Aramis Wong;Marketing Manager, IBM Cloud & IBM Services
executiveHello. Good morning, everyone. Thanks again for calling in for today's webinar. I'm Aramis from IBM Marketing. So I guess a lot of you might have some questions in mind. [Operator Instructions] So let me check out what questions we have in front of us now. So the first question is, does the solution monitor and detect issues in real-time, can you elaborate it? So maybe the question over to you, Matthias?
Matthias Funke; Executive Director, AIOps, Cloud, IBM Worldwide
executiveYes. Thank you. And can you hear me? Aramis? Okay. Good. Yes. So great question. The answer -- the short answer is yes. The longer answer is that, yes, this is a real-time analytic streaming solution or all the data points in the form of unstructured log entries or structured events or alerts that we ingest through a Kafka queue are, let's say, triaged, inferred in real-time. There's no data lag that we have to then land the data in and then apply machine learning models to that. It's all happening in real-time.
Aramis Wong;Marketing Manager, IBM Cloud & IBM Services
executiveOkay, that's clear. So the other question in front of me is, does the solution have the ability to analyze historical data? And how is it done?
Matthias Funke; Executive Director, AIOps, Cloud, IBM Worldwide
executiveYes. So it's -- I guess it's the flip side of the question that was just asked. So for the -- we see -- so we are not analyzing the historical data in the form of logs. We believe that, that data is collected and aggregated in a log management tool that you have already in place. The events would be aggregated and grouped also in different parts of your monitoring and management solution. This is really meant to focus on that real-time aspect. So think of Watson AIOps primarily as a machine learning and AI capability that, in real time, looks at the data and correlates it to the point where it decides, this is something that requires attention and then brings that into ChatOps. However, there is one element of historical analysis when you think about the ticketing information that you saw in the demo, right? So if -- once we identify the symptoms that could represent a certain incident at present time, while we can help you look into your ticketing system like a ServiceNow or a remedy or something else, and Watson will perform an intelligent search and will use NLP and NLU capabilities to intelligently extract from unstructured descriptions of historical tickets whether there is precedent. So if there are other tickets that share the same symptoms, we will bring them back to the SRE or the user and we will allow them to determine whether there was precedence and there was already action taken that they could just repeat or follow in the form of advice. So it helps them take the right decisions on how to resolve the problem.

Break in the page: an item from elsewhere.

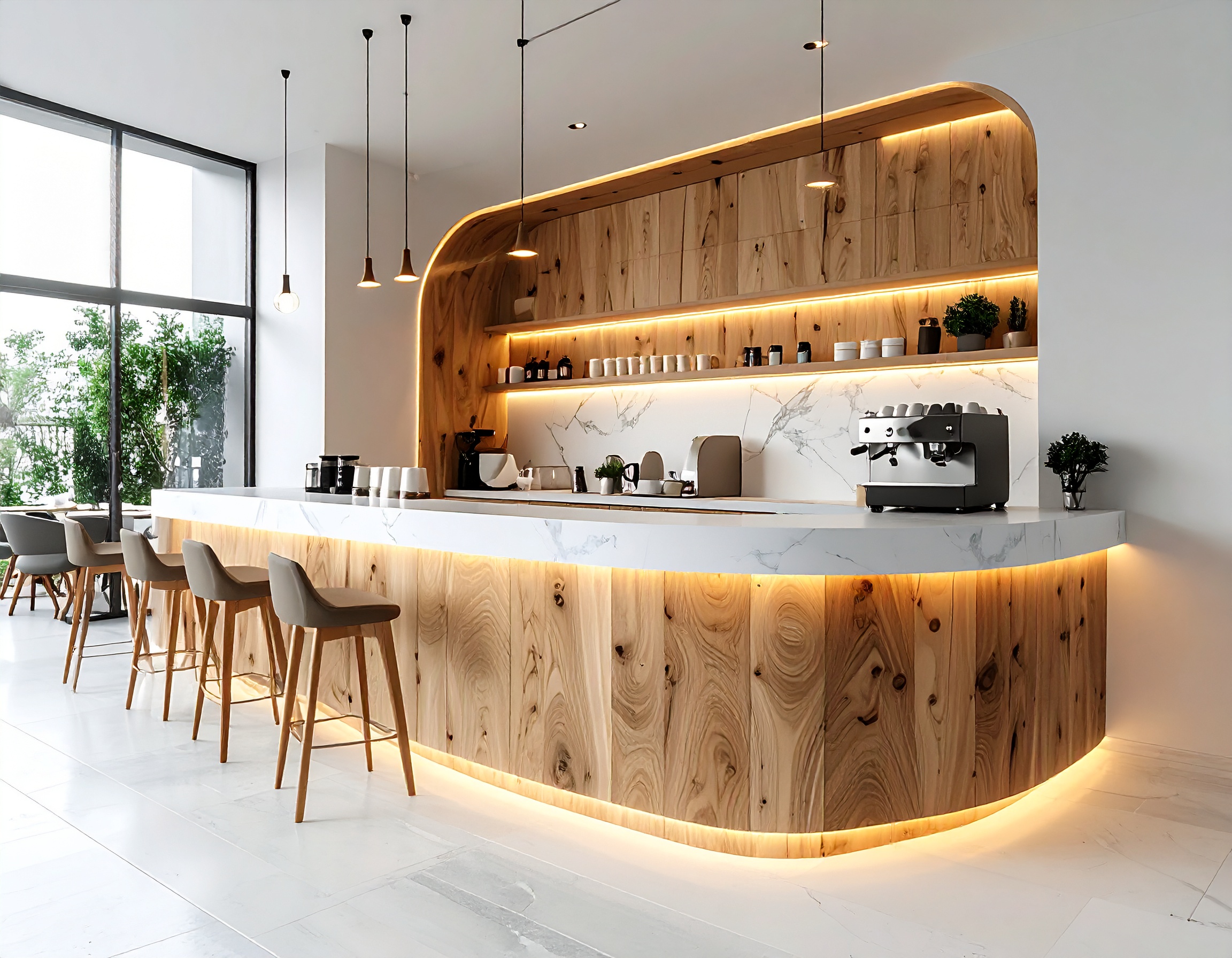 Với quán quy mô lớn, quầy chữ U hoặc quầy bo cong hiện đại mang lại sự chuyên nghiệp và sang trọng. Thiết kế này tạo cảm giác bao quát không gian, giúp khách hàng dễ quan sát quy trình pha chế. Đồng thời, kiểu dáng cong mềm mại còn giúp tổng thể quán trở nên cao cấp hơn.

Aramis Wong;Marketing Manager, IBM Cloud & IBM Services
executiveOkay. I see. The other questions I can see is if my organization were to deploy such a solution, the -- meaning the Watson AI solution, how soon can we realize value from it?
Matthias Funke; Executive Director, AIOps, Cloud, IBM Worldwide
executiveGreat question because we believe that one of our key differentiators with this solution is the time to value because you are not -- you are not required to define rules or code rules against certain anomalies, and train the AI in a supervised fashion in terms of what normal means or what abnormal means. All the algorithms that you saw in action and that we -- that I talked about during my overview, are really unsupervised machine learning models that we trained against historical data that we need initially. And then once the system is up and running, any data that comes in going forward will be used to retrain and retrain the models on AI and ensure that these models, the quality of these models and the accuracy of the model retained is kept at a high level.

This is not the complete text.